Opponents of the proposal have another bone to pick with the IRS. They contend that the IRS is ignoring its obligation under the Small Business Regulatory Enforcement Fairness Act (SBREFA) of 1996 by not determining the proposal's impact on small companies.
SBREFA is designed to protect small business by making sure federal agencies perform comprehensive analyses on the potential impacts of any proposed regulations and to develop ways to reduce any negative impact. Sen. Bond and 18 other senators have complained to Secretary Rubin that no such analysis was performed in relation to the IRS proposal.
"I cannot think of any proposed regulation more in need of thorough procedural review than one involving a stealth tax increase by regulatory dictate," says Bond, who was the author of the small-business regulatory act. There are too many in the bureaucracy, he points out, "who don't realize the [SBREFA] requires them to take additional steps to protect small businesses that would otherwise be run over by the regulatory juggernaut if they did not have this protection."
Not so, says the IRS. It maintains that the proposed regulation doesn't trigger compliance with the SBREFA because it's not an express mandate that requires collection of data on small businesses. In addition, the IRS says the service has the authority to issue what it calls "interpretive" rules (i.e. parameters not spelled out by Congress that must be interpreted by government agencies).
Some argue such interpretation is well within the IRS' domain. "One of the major reasons for the IRS to exist is to interpret what Congress means," says Thomas P. Ochsenschlager, a partner in the Washington, DC, office of accounting firm Grant Thornton LLP. Congress directs the IRS to develop tax regulations and provides the service with broad parameters in which to do so, he explains.
But Orban of the SBA's Office of Advocacy disagrees that this rule is an interpretive one.

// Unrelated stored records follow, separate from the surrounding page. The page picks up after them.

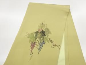 作家物 縮緬地金彩手描き葡萄模様開き名古屋帯(額縁仕立て)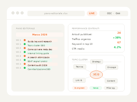 Traccio le performance dei contenuti pubblicati e adatto il piano editoriale in base ai risultati reali, ai segnali degli utenti e ai cambiamenti degli algoritmi di ricerca.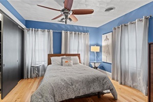 Each bedroom offers fresh bedding, ceiling fans, and storage space. Select rooms include Smart TVs and private bathrooms.

Instead, he sees it as a legislative regulation and as such, he maintains, the IRS is required to issue a regulatory fairness analysis to explain the rule's impact on small business.
If the required analysis shows that a substantial number of small firms will suffer a negative economic impact as a result of the proposal, then the IRS must give small-business owners an opportunity to participate in the rule-making process. This kind of participation would include public hearings, allowing small-business owners and advocates to argue against enactment of the proposal.
Critics of the proposed regulation are also quick to point out that the paperwork requirements, not only to be in compliance with the rule but to protect a small business in the event of an IRS audit, are too excessive. For example, even if partners were not required to pay self-employment taxes on all their profits, members of LLCs and limited partnerships would still face record-keeping hassles. That's because they would have to be able to show the IRS, in the event of an audit, that they didn't meet the three tests mentioned previously. Records would have to be kept on how many hours the owners work for the partnership, whether they have personal liability, and whether they have the authority to enter into contracts.